Brief - Repeat only the lines below from the one containing "Bác sĩ Hoàng" through the one containing "รูปถ่ายอัดกระจก เป็นรูปถ่ายขาวดำ หลวงพ่อชำนาญ", inclusive, exactly as written.

Data in this exercise -
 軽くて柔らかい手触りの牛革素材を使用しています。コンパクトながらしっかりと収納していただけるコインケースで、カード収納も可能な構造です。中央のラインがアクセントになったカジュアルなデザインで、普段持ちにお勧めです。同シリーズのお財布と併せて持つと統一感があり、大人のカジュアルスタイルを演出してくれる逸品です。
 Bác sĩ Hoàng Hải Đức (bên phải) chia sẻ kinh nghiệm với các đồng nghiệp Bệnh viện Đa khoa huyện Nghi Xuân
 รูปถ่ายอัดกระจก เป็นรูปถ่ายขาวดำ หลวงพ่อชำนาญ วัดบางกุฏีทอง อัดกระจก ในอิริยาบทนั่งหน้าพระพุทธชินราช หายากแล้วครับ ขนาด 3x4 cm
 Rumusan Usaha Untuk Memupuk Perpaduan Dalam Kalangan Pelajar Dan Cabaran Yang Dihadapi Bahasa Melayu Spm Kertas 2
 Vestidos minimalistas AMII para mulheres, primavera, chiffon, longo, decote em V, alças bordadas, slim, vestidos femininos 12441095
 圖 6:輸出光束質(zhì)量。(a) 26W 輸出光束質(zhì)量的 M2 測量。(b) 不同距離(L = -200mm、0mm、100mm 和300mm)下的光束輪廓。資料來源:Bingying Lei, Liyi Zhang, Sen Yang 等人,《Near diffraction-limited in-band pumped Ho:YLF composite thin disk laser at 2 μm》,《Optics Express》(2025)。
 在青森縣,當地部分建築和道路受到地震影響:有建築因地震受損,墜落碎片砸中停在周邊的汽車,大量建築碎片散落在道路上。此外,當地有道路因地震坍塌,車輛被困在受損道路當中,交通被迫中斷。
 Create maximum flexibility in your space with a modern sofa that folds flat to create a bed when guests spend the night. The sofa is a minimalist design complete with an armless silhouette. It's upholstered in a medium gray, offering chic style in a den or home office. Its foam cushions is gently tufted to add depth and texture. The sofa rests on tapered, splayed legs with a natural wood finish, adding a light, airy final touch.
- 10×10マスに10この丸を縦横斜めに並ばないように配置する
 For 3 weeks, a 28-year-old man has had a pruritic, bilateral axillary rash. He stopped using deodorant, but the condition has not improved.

---

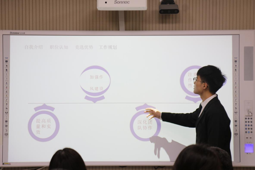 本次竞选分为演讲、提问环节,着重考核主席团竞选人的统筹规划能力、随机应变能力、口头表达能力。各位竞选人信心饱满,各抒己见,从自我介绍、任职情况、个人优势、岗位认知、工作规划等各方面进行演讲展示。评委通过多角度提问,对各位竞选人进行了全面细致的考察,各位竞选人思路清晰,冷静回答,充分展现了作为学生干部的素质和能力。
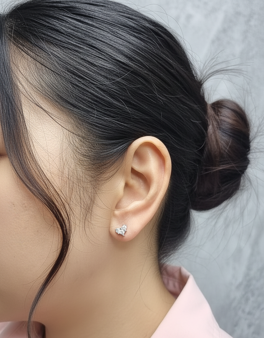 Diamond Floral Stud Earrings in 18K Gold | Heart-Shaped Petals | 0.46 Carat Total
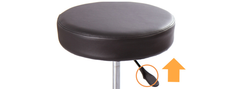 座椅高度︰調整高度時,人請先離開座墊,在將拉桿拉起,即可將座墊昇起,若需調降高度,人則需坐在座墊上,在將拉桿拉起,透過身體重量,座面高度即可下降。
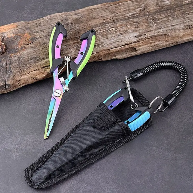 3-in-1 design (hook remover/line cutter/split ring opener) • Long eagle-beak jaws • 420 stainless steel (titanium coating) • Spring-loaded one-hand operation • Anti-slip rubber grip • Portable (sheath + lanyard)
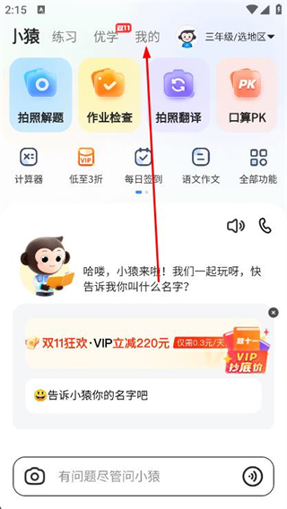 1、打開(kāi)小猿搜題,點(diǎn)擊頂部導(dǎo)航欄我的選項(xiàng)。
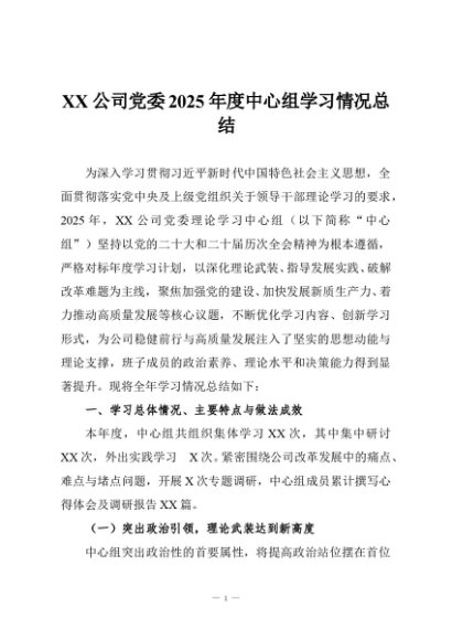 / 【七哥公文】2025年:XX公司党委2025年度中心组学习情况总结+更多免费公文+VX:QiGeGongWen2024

...

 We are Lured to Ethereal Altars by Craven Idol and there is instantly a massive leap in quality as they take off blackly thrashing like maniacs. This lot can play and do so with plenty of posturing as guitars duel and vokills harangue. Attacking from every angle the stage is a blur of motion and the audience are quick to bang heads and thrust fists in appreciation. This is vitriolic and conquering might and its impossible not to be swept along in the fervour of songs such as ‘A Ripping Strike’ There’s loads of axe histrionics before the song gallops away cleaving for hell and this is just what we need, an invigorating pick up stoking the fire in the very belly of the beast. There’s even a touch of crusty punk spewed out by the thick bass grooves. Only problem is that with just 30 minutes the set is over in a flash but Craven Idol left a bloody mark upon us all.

Answer to this task -
 Bác sĩ Hoàng Hải Đức (bên phải) chia sẻ kinh nghiệm với các đồng nghiệp Bệnh viện Đa khoa huyện Nghi Xuân
 รูปถ่ายอัดกระจก เป็นรูปถ่ายขาวดำ หลวงพ่อชำนาญ วัดบางกุฏีทอง อัดกระจก ในอิริยาบทนั่งหน้าพระพุทธชินราช หายากแล้วครับ ขนาด 3x4 cm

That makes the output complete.